Вот-вот, пусть держит свое сокровище подальше: во время танцев как слон наступает на ноги, а рот открывает, чтобы в лучшем случае пересказать передачу “С добрым утром!” двадцатилетней давности. С младенчества, наверное, запала в душу.
Мы уходили, и в передней... Алеша поцеловал мне руку. “Вы позволите вам звонить?”— услышала я и кивнула. А сегодня сообразила, что он не знает номера моего телефона. Ну что ж, сказка кончилась, наступают суровые трудовые будни. Муж с утра пораньше куда-то сбежал, сказав, что “будет поздно”. Так что жизнь продолжается. Но я впервые в жизни была счастлива в новогоднюю ночь...

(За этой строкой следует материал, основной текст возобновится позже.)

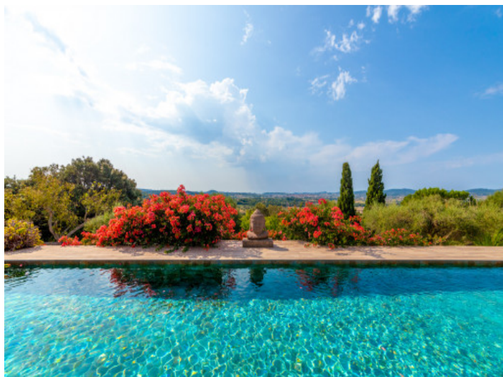
Pool with fantastic landscape views
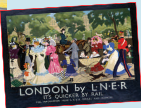
TEMJRP9 - London by LNER London's Hyde Park in Victorian Times 1000pc £14.00
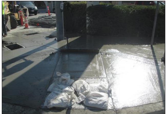
ADA Ramp and Sidewalk at Grace
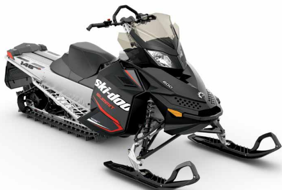
SUMMIT® SPORT 600 Carb shown
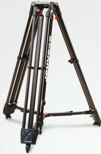
25L CARBON FIBER TWO STAGE TRIPOD

Capacity = 60 lbs (27.2 kg) Max Height = 62 in. (157.5 cm) Min Height = 26 in. (66 cm)
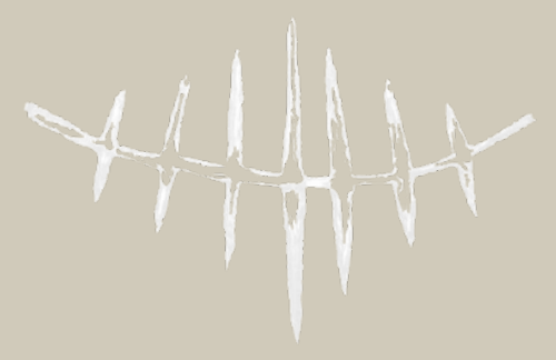
ATELJÉ JOHAN FERNER STRÖM Urban Art Solutions

<u>WWW.JOHANSTROM.COM</u> <u>JOHAN@JOHANSTROM.COM</u> +46 070 777 20 72
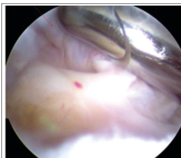
Figure 4: Pre-debridement arthroscopic view showing yellowish content in the anterior cruciate ligament.
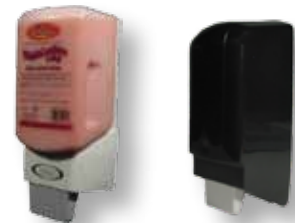
P-175-K (left) P-175-K-C-B (right) 1.75 Liter Dispensers. The K-C-B model is covered with a key lock.
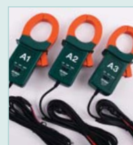
Model PQ34-12 1200A Current Clamp Probes with 2" (50mm) jaw size
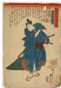
Asian Art in the Samuel Dorsky Museum of Art www.newpaltz.edu/museum/exhibitions/asianart/
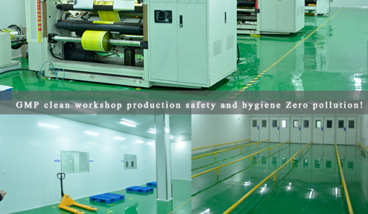
GMP clean workshop production safety and hygiene Zero pollution!
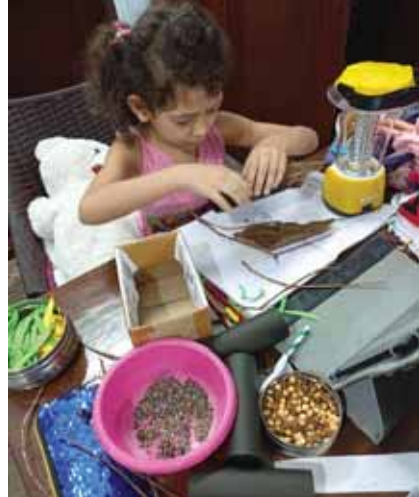
A student works alongside her classmates on the screen to build a Hotel for Bugs
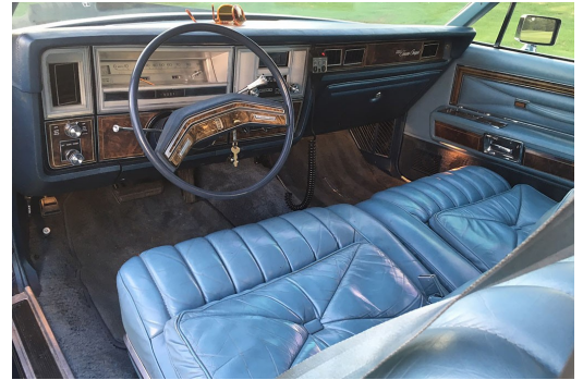
Luxurious seating abounds in the Lincoln, truly a living room on wheels.

When I pilot my land yacht, people always stare. Watching a car the size of an aircraft carrier float by is not a common sight these days. One of the most frequent questions I get from people is whether a car this large is difficult to drive. Surprisingly, however, the answer is no. Lincoln built these cars to be driven easily by little old ladies -- and in fact, they're actually better to drive than modern cars in many ways.
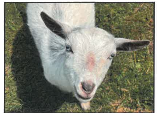
Friendly and Photogenic Goat

Март. Я ошиблась. Жизнь продолжается, но совсем не так, как представлялось в начале года. Даже дневник некогда было открыть, так что сейчас восстанавливаю события по памяти. Вечером, под старый Новый год сидела дома одна — муж утек играть в свой обожаемый преферанс. До этого две недели по поводу и без повода намекал, что “некоторые напрасно зарывают свой талант шансонье в землю и служат неизвестно кем непонятно где”. Дружелюбно объяснял, что пить надо поменьше, особенно если человеку под тридцать, и не выставлять себя на посмешище, пытаясь соперничать с куда более красивыми и молодыми женщинами.
- Вот Рая, жена твоего кавалера,— заканчивал каждый раз муж свои “разборки”,— олимпийская чемпионка по бегу, мастер спорта, танцует, как бабочка порхает, говорит — заслушаешься... Учись.
За годы нашей супружеской жизни я научилась отмалчиваться, а половину нотаций мужа пропускать мимо ушей. Но все равно было обидно. Конечно, не мастер спорта, не красавица. Ну и что теперь — вешаться? Мелькала мысль пойти и завербоваться куда-нибудь на Северный полюс или в Центральную Африку, чтобы там никто не пилил и не нудил. Да куда уж мне!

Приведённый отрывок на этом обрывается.